| Task inputs |
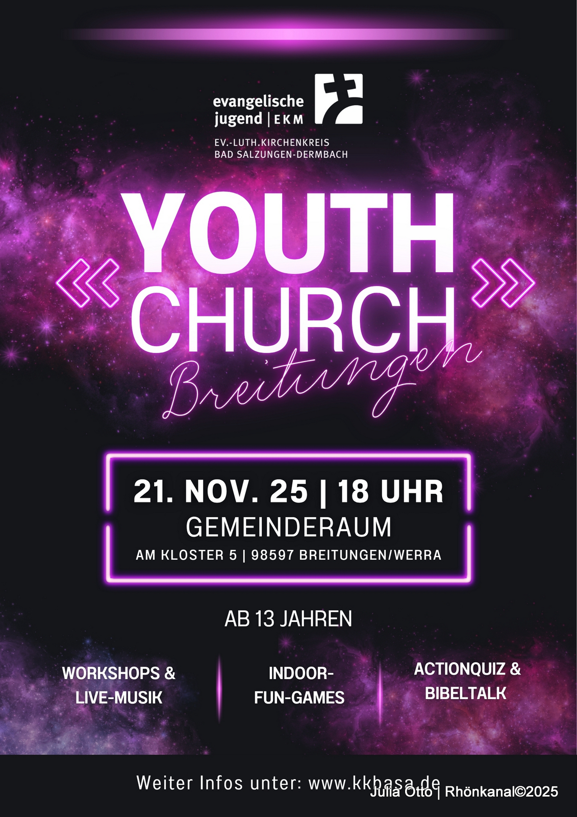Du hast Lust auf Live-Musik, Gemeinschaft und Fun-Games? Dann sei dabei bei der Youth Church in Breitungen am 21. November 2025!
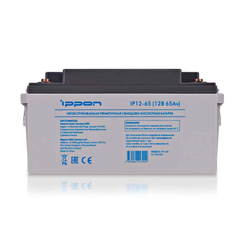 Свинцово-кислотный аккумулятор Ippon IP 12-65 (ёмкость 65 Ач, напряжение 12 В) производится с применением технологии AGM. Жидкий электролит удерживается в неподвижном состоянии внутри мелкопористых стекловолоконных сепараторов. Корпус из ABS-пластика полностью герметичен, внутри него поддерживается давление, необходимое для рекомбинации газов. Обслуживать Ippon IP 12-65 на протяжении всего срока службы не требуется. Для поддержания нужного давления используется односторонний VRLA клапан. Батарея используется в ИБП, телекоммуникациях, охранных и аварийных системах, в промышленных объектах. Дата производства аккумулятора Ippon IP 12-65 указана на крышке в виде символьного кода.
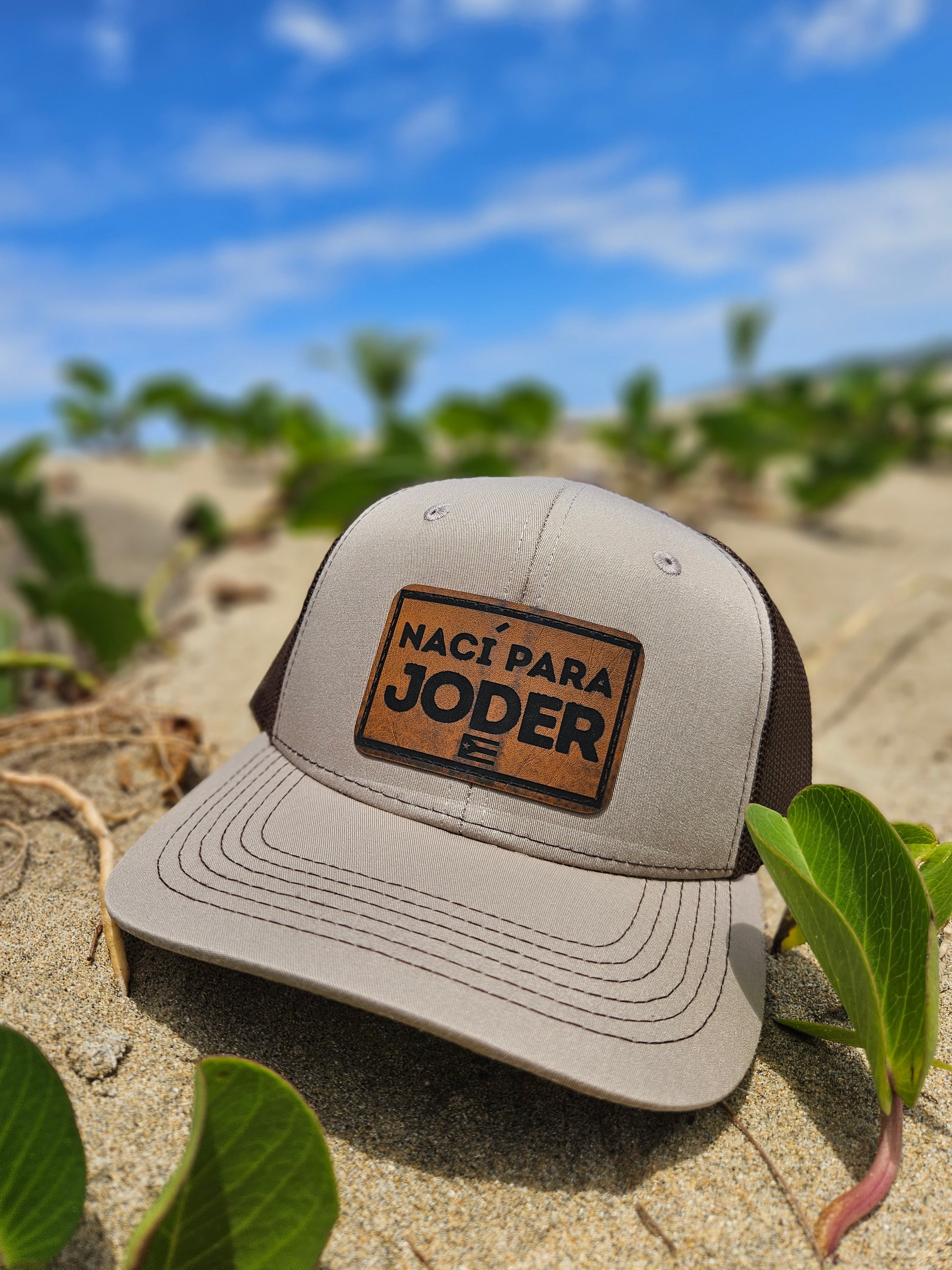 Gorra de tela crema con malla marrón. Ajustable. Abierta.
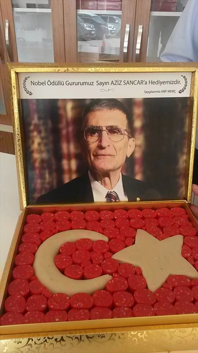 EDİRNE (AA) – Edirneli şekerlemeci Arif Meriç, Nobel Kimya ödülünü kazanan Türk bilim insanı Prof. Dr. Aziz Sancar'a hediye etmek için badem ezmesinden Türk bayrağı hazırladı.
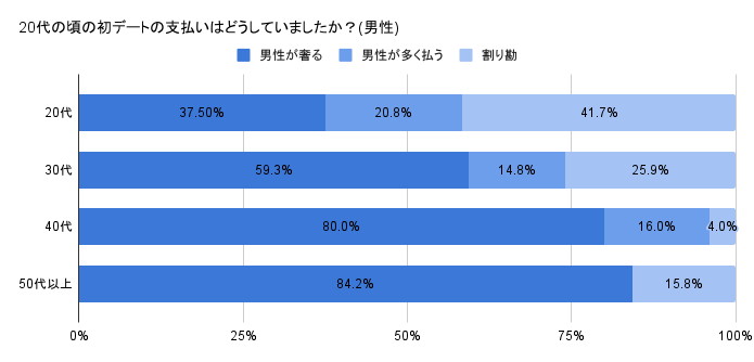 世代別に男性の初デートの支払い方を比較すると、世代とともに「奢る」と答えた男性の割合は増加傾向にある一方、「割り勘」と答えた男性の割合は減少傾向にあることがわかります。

| Instructions to follow |
Transcribe each line above verbatim, with the pictures left out.

| Problem solution |
Du hast Lust auf Live-Musik, Gemeinschaft und Fun-Games? Dann sei dabei bei der Youth Church in Breitungen am 21. November 2025!
 Свинцово-кислотный аккумулятор Ippon IP 12-65 (ёмкость 65 Ач, напряжение 12 В) производится с применением технологии AGM. Жидкий электролит удерживается в неподвижном состоянии внутри мелкопористых стекловолоконных сепараторов. Корпус из ABS-пластика полностью герметичен, внутри него поддерживается давление, необходимое для рекомбинации газов. Обслуживать Ippon IP 12-65 на протяжении всего срока службы не требуется. Для поддержания нужного давления используется односторонний VRLA клапан. Батарея используется в ИБП, телекоммуникациях, охранных и аварийных системах, в промышленных объектах. Дата производства аккумулятора Ippon IP 12-65 указана на крышке в виде символьного кода.
 Gorra de tela crema con malla marrón. Ajustable. Abierta.
 EDİRNE (AA) – Edirneli şekerlemeci Arif Meriç, Nobel Kimya ödülünü kazanan Türk bilim insanı Prof. Dr. Aziz Sancar'a hediye etmek için badem ezmesinden Türk bayrağı hazırladı.
 世代別に男性の初デートの支払い方を比較すると、世代とともに「奢る」と答えた男性の割合は増加傾向にある一方、「割り勘」と答えた男性の割合は減少傾向にあることがわかります。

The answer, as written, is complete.